Lo tenía bajo llave, en una preciosa cajita de metal. Le habían prendido fuego, pero ahora estaba seguro, recuperándose paulatinamente.
Yo ya había aprendido a vivir con ese dolor, ya no era una carga. Al menos en ese terreno había conseguido una ansiada tranquilidad, que no se podía definir como felicidad pero que me apaciguaba por las noches.
Ni por un segundo había pensado prestar esa llave cuando alguien bromeó con el tema, recibiendo una jocosa respuesta en la que yo negaba rotundamente que en una caja acorazada pudiese entrar un soplo de brisa. Fue una sorpresa cuando poco después comprendí que ese monstruo encerrado en mí no había tomado oxígeno sino que se había liberado y ahora campaba a sus anchas por todo mi cuerpo.
No negaré que semejante susto me provocó dos segundos de terror, pero lo desconcertante es que fueron solo unos segundos. La música amansa a las fieras, dicen… Y dentro de mí sonaba bella, tranquila, radiante pero discreta como un suspiro, el sonido de una flauta dulce.
Inocente, creí que dicho monstruo podía ser esta vez un dulce cachorro que se dejase llevar por esa melodía. Se encendió lo que parecía una vela, pero resultó ser una bengala, chisporroteante pero finita. Confundí algo elegante y sereno con algo muy brillante pero frio, rápido.
La primera punzada llegó cuando yo, víctima y verdugo, ambas de mi misma, la cogí (aún recuerdo lo fría que estaba) y me clave aquella hoja. Era plenamente consciente de que el tacto del metal aliviaría cualquier daño futuro que pudiese sufrir, así que concluí que el primer golpe tenía que dármelo yo a mí misma.
Al cachorro le habían cortado los tendones de las cuatro patas, pero tenía una afable sonrisa en la cara. Se encontraba mucho más cómodo de esa manera, así estuvo bastante tiempo, dolido pero feliz, consciente de que era vulnerable pero de que exactamente en ese punto nada podía herirlo.
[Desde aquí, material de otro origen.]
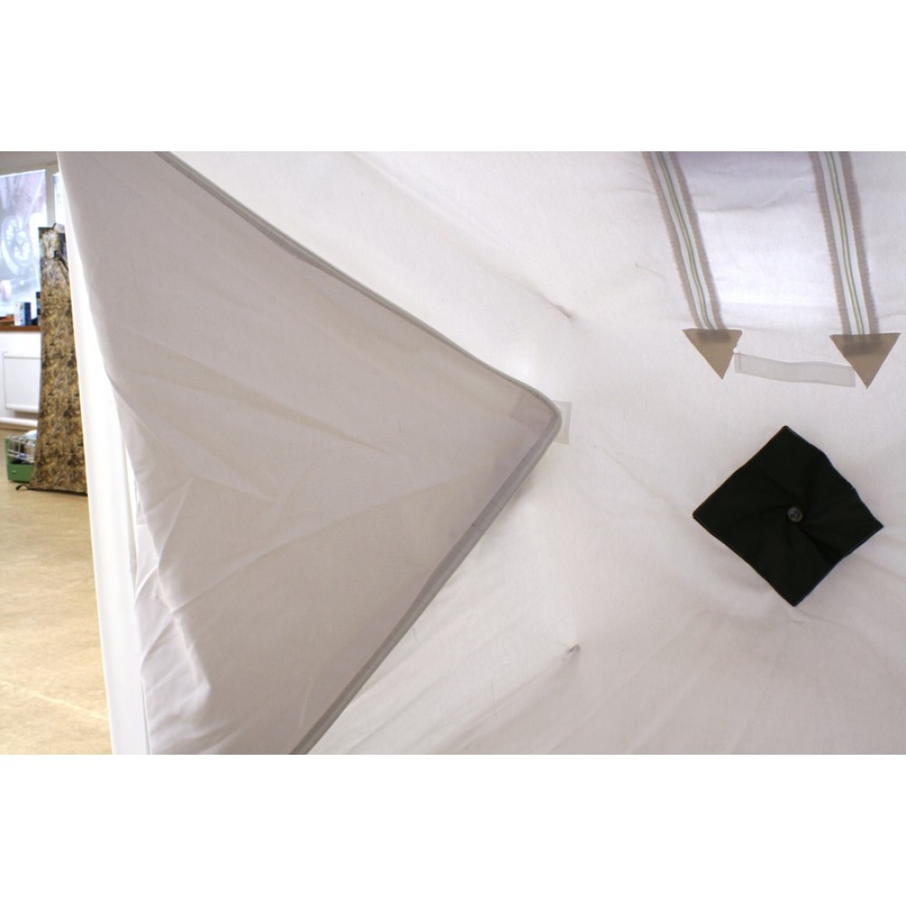 Палатка выполнена в светлых тонах. Благодаря этому в ночное время внутри сохраняется относительно неплохая видимость. Снаружи предусмотрены светоотражающие полосы. Это повышает безопасность рыбака на льду в ночное время

Esa tregua fue perfecta pero sabía que lo que seguía era inevitable, había tejido su sino con sus autoflagelaciones. Intentó destejerlo cual Penélope, pero al contrario que ella, nunca dio deshecho todo lo que había enmarañado.
De repente un sonido sordo, se despertó, lo único que recordaba era el golpe. Algo que para cualquier cachorro sano hubiese sido una herida para él era agonizante. Así cayó él, a la vez que yo me derrumbé derrotada, llorando, impotente.
Ojalá esa situación hubiese sido flor de un día, pero se repitió constantemente. A él lo apaleaban a medida que iba creciendo con la misma intensidad que a mí me iban saliendo cardenales.
Desgraciadamente el cachorro había crecido y volvía a ser el monstruo de antaño. Malherido sabía que iba a caer, pero también que no iba a ser el único. Preocupada me miré en el espejo, sin embargo lo que vi no se parecía a mí, en el reflejo se apreciaba en mis ojos una mirada salvaje, animal…
Él se había herido, pero sabía hasta donde podía clavar esa aguja, era una pequeña dosis de dolor diaria perfectamente soportable. Por otra parte, los otros golpes no tenían excusa, había sido apaleado sin ningún motivo. Se había entregado destrozado por dentro, pero solo demostrando ternura y había sido respondido con el narcisismo cínico de la realidad más cruda.
Resultó que el monstruo no era tan fiero, resultó que solo era un monstruo para si mismo. Decidió no atacar y simplemente correr hasta un lugar bonito donde poder sentarse sobre sus patas traseras, sacar la lengua, cerrar los ojos y… arder.
Y así volvió a su pequeña cajita de metal, pero esta vez con una cana más.